Dataset records:
------------
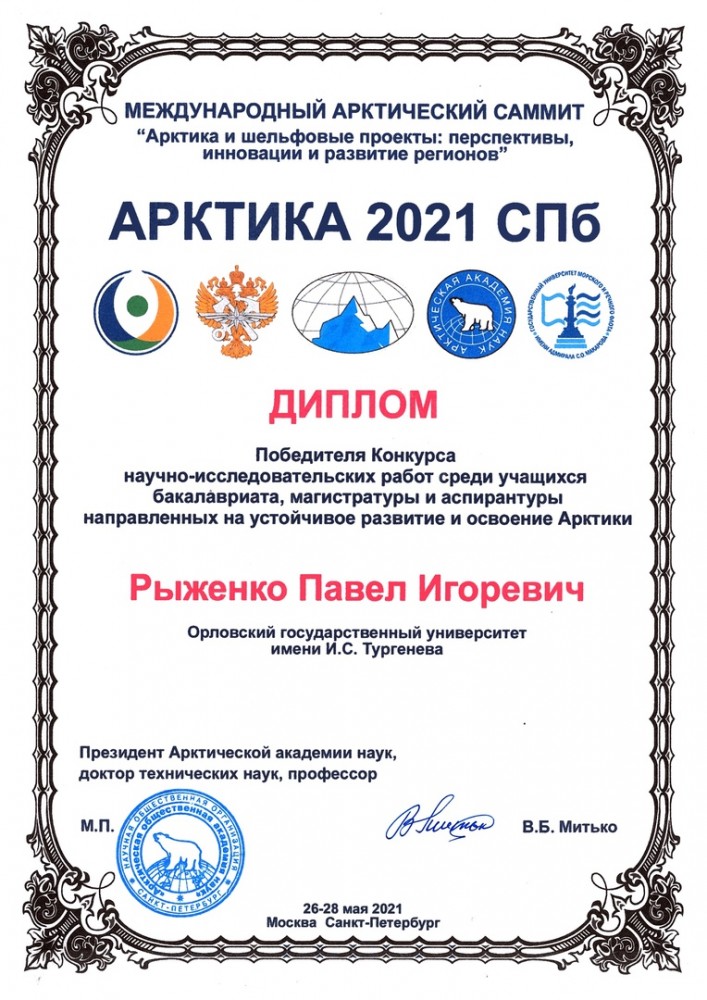 Поздравляем победителя Конкурса научно-исследовательских работ в рамках Международного Арктического саммита аспиранта Рыженко Павла!
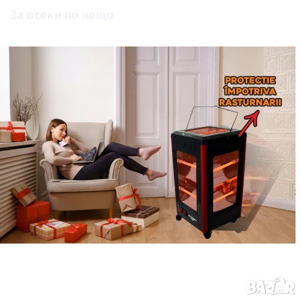 Защита срещу преобръщане : Вградената система за безопасност автоматично спира радиатора в случай на случайно преобръщане.
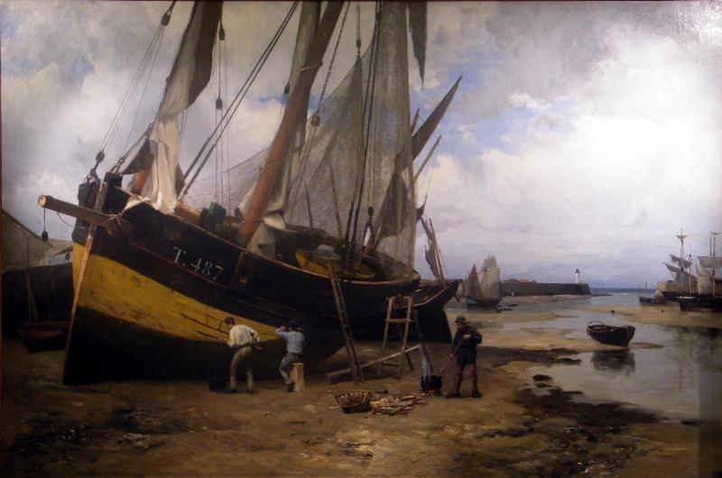 représentation du calfatage d'une coque à marée basse opéré par 3 ouvriers (l'un prépare le brai, tandis que les deux autres l'appliquent)
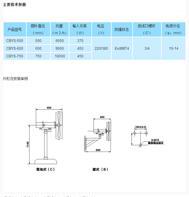 BTS-500落地式防爆摇头扇石油化工企业专用风扇生产厂家技术参数:
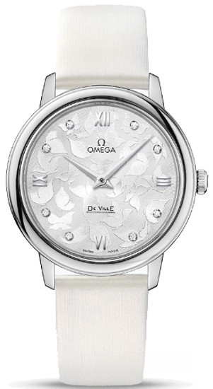Модель часов OMEGA De Ville Prestige «Butterfly» исполнена истинной красоты, позаимствованной у завораживающего своей грацией мира природы. Данная модель имеет серебристый циферблат с бриллиантами и уникальным узором в виде бабочек, нанесенным методом ramolayage («точечного орнамента»). Корпус диаметром 32,7 мм из нержавеющей стали дополняет белый сатинированный кожаный ремешок. Основу этих часов De Ville Prestige «Butterfly» составляет кварцевый часовой механизм OMEGA, калибр 4061.
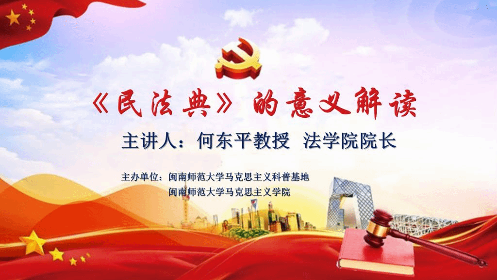 为深入学习贯彻落实党的十九届四中、五中全会精神和中央全面依法治国工作会议精神,进一步增强师生的法治观念,以法治宣传周为契机,开展普法宣传,12月10日晚,公司及校马克思主义科普基地联合主办的《中华人民共和国民法典》普法专题讲座在励志130举行。法公司经理何东平教授应邀做了题为《“民之基,国之远”--<民法典>的意义解读 》的精彩讲座。bevictor师生及校马克思主义理论读书社员工近200人现场聆听。讲座由公司经理助理何孟飞教授主持。
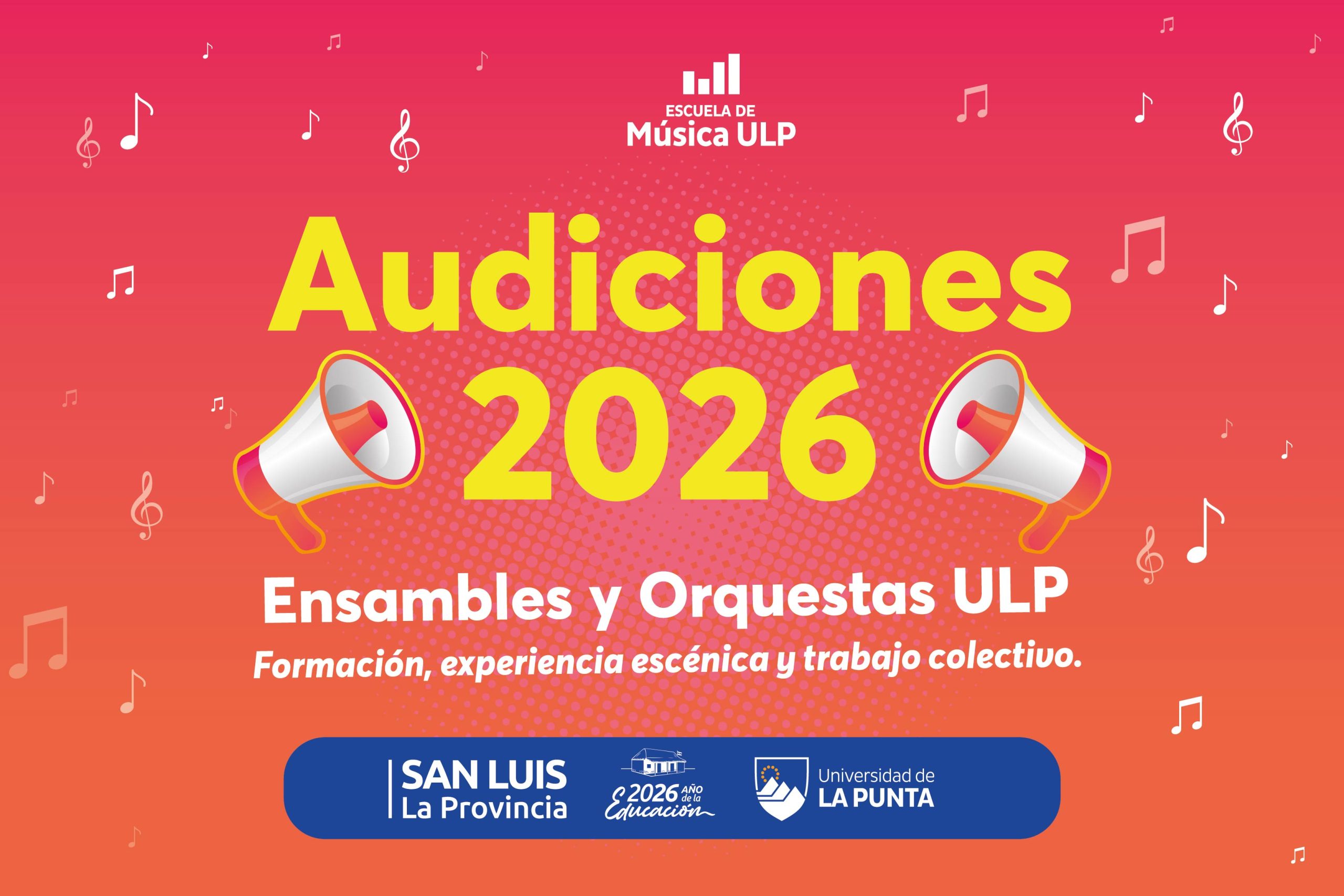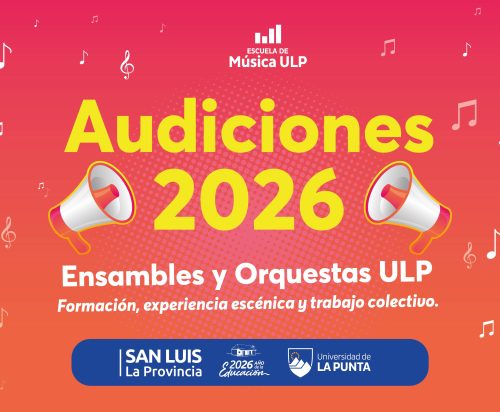 La Universidad de La Punta (ULP) lanzó la convocatoria 2026 para integrar los ensambles y orquestas de la Escuela de Música ULP. Las audiciones para Ensamble de Guitarras Cuyanas, Ensamble Junior, Ensamble de Música Autóctona y Popular de Latinoamérica, Ensamble de Jazz, Orquesta ULP, Ensamble de Cámara y Ensamble de Tango, se realizarán durante la segunda semana de marzo en la Escuela de Música ULP, ubicada en Pringles 1157, en la capital.
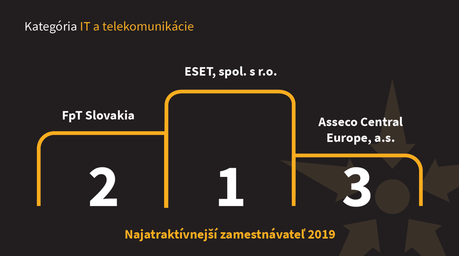 V kategórii IT a telekomunikácií si svoju pozíciu z minulého roka polepšila spoločnosť ESET, ktorá sa z tretej pozície dostala na prvú. Kadžý, kto pracuje v tejto firme vie, že podmienky, ktoré zamestnávateľ ponúka, sú nadštandardné. Okrem nich sa v kategórii nachádzali Orange Slovensko, ale aj O2 či spoločnosť Unicorn a košický T-Systems Slovakia.
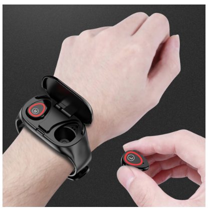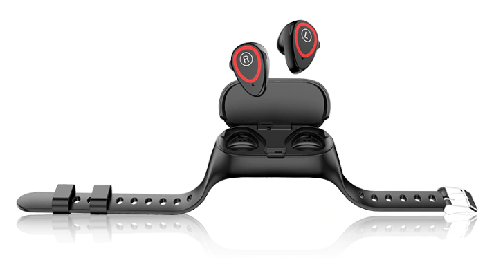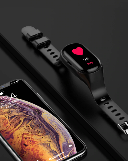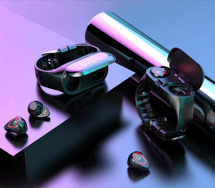 Внешне новинка похожа на рядовой фитнес-трекер с дисплеем. Отличается она лишь толстым корпусом. Причина тому – возможность хранения зарядки беспроводных наушников непосредственно внутри браслета.
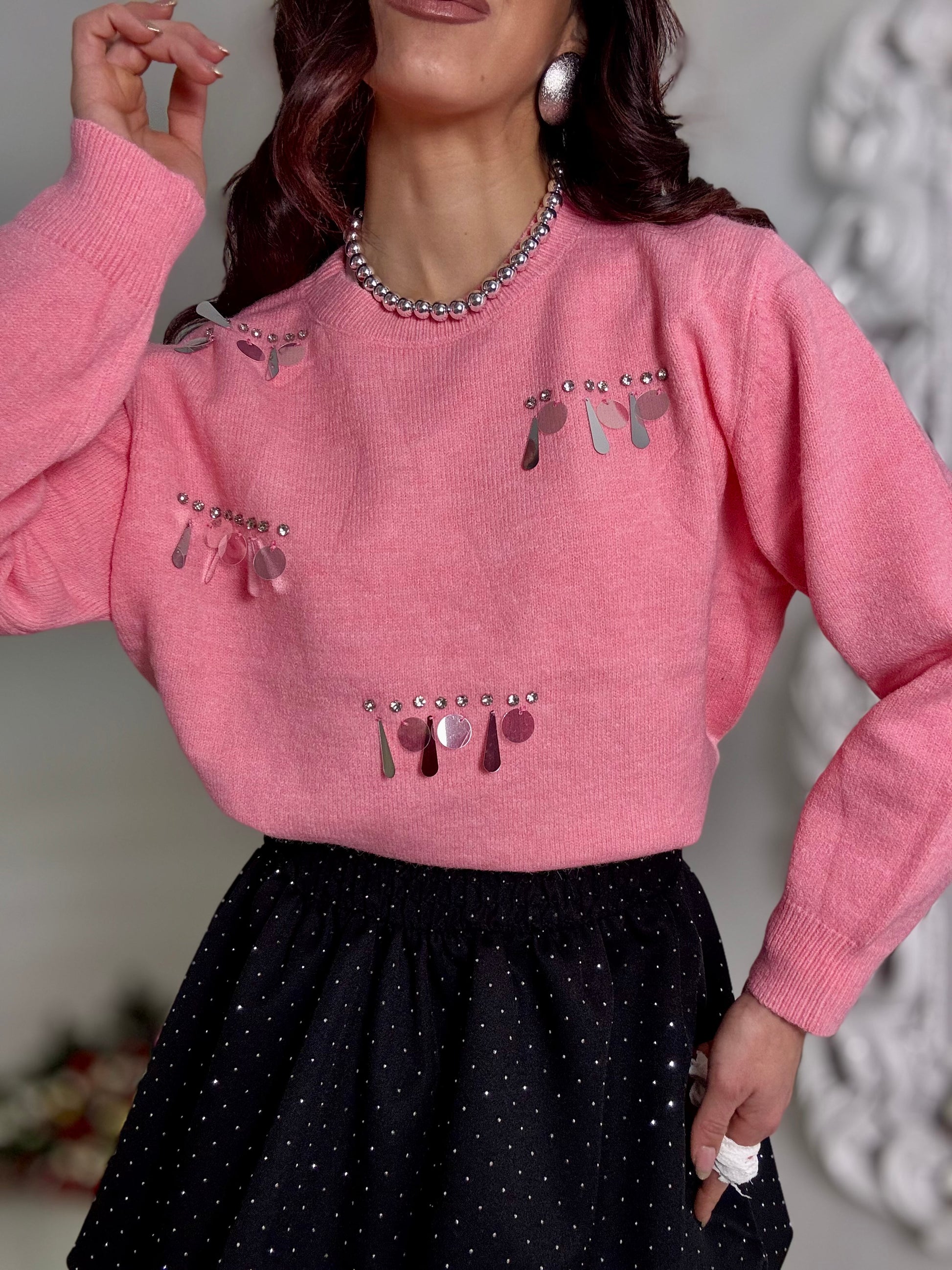 Pull lunghezza media con applicazione di paillettes veste fino ad una 46
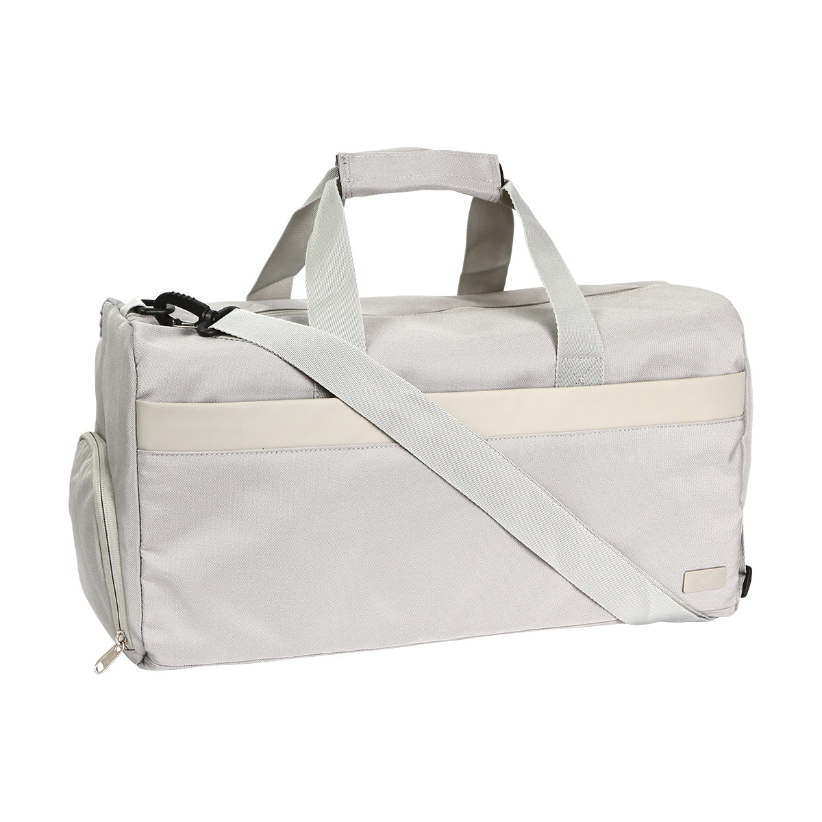 Maleta de viaje premium, fabricada en cuero sintético PU 900D, forro 210D, cinta de PP de 1,5 y placa metálica para grabar logotipo. Cuenta con correa de hombro, asas y bolsa lateral.
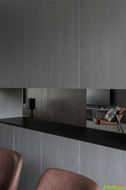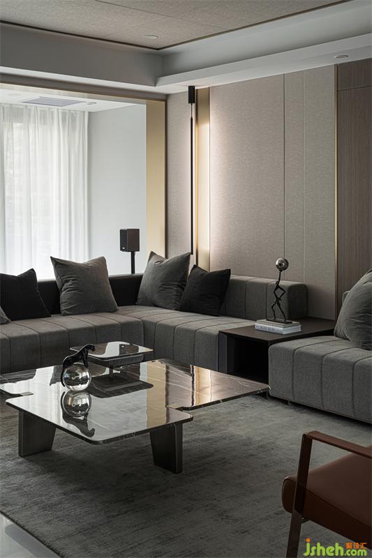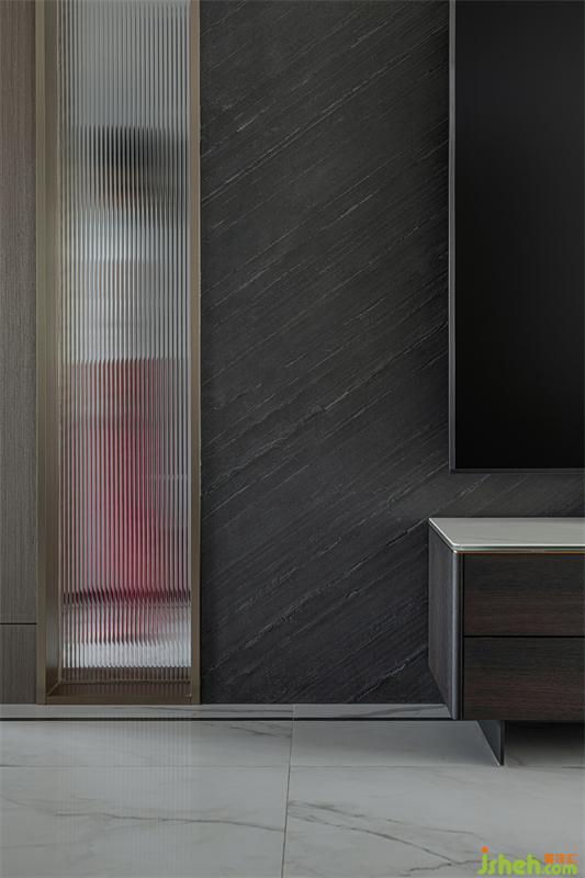飾面材質貫穿整個客餐廳空間,各區(qū)域相互呼應同時保有相對獨立性,石材、金屬材質的穿插,讓原本乏味的空間更具律動感與趣味性。
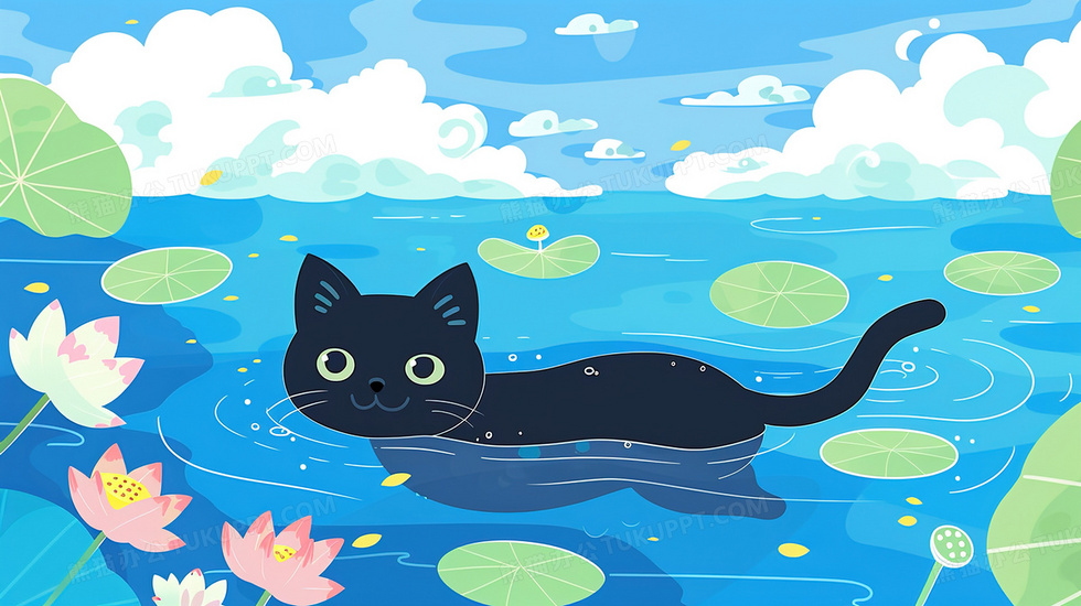 本作品内容为夏季荷塘游泳的宠物黑色猫咪插画, 格式为 jpg, 大小2 MB, 图片尺寸为2912 x 1632, 源文件无水印, 欢迎使用熊猫办公。 如认为平台内容涉嫌侵权,可通过邮件:tousu@tukuppt.com提出书面通知,我们将及时处理。
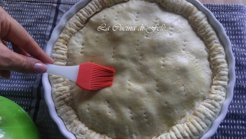 Étale la deuxième pâte pour réaliser l’abaisse avec laquelle recouvrir la scacciata. Replie les bords de manière à former un cordon et scelle avec les dents d’une fourchette.
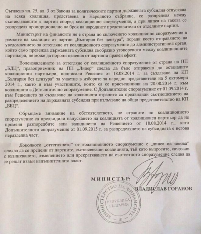 В писмото си министър Горанов дава да се разбере, че напускането на предизборната коалиция не обезсилва споразумението, но може да доведе до преразпределение на субсидията между шестте партии без партия Лидер (БДЦ).
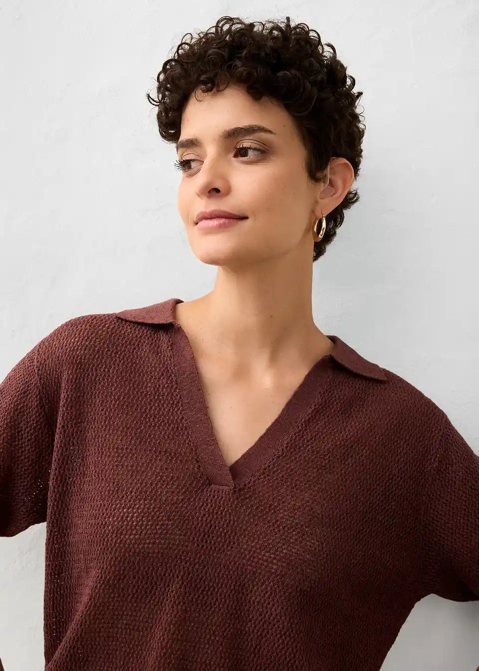 Ajour-pleteni polo z dodatkom lana
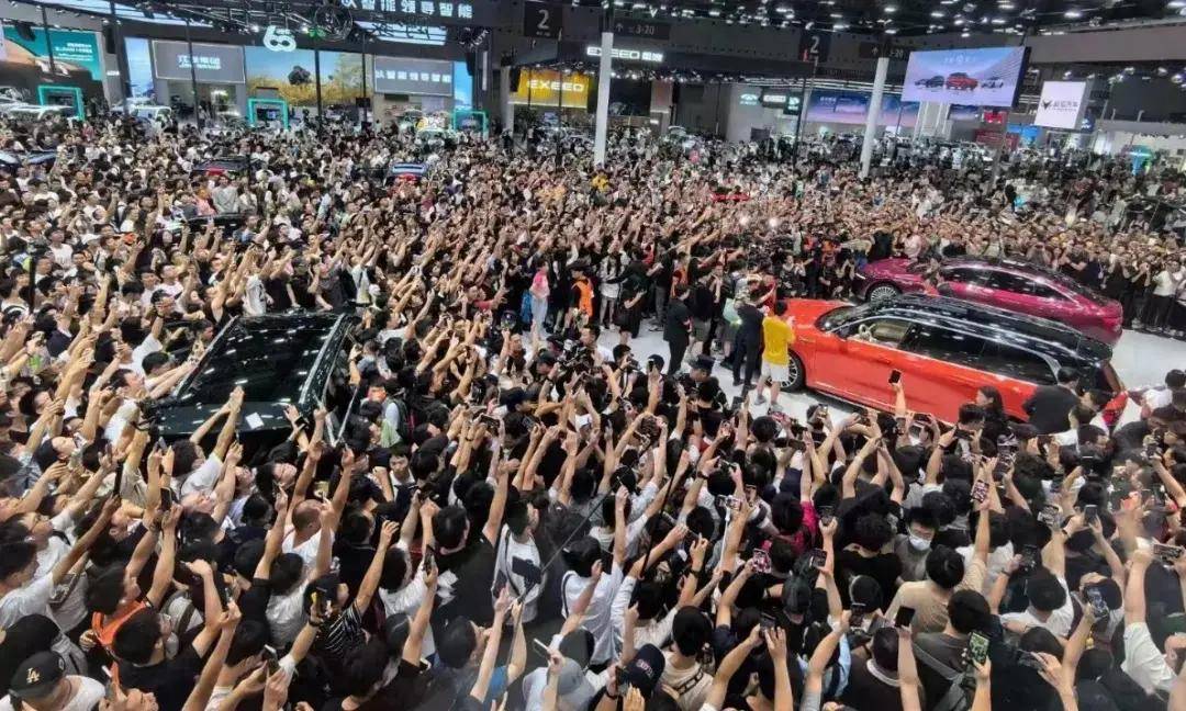 前幾天去深圳大灣區車展,那雖然不是什么大型車展,但人氣也挺旺的嘛。因為深圳是誰的地頭?比亞迪和華為呀。比如鴻蒙智行展臺,余老板往上面一站,還邀請來那位穿紅衣服的老網紅,那人群你們自己看看。
------------
Instructions for the task -> Copy exactly the lines of the entries above from the one containing "Pull lunghezza media" through the one containing "本作品内容为夏季荷塘游泳的宠物黑色猫咪插画, 格式为 jpg, 大小2". Both end lines count; pictures do not.

Expected answer ->
 Pull lunghezza media con applicazione di paillettes veste fino ad una 46
 Maleta de viaje premium, fabricada en cuero sintético PU 900D, forro 210D, cinta de PP de 1,5 y placa metálica para grabar logotipo. Cuenta con correa de hombro, asas y bolsa lateral.
飾面材質貫穿整個客餐廳空間,各區(qū)域相互呼應同時保有相對獨立性,石材、金屬材質的穿插,讓原本乏味的空間更具律動感與趣味性。
 本作品内容为夏季荷塘游泳的宠物黑色猫咪插画, 格式为 jpg, 大小2 MB, 图片尺寸为2912 x 1632, 源文件无水印, 欢迎使用熊猫办公。 如认为平台内容涉嫌侵权,可通过邮件:tousu@tukuppt.com提出书面通知,我们将及时处理。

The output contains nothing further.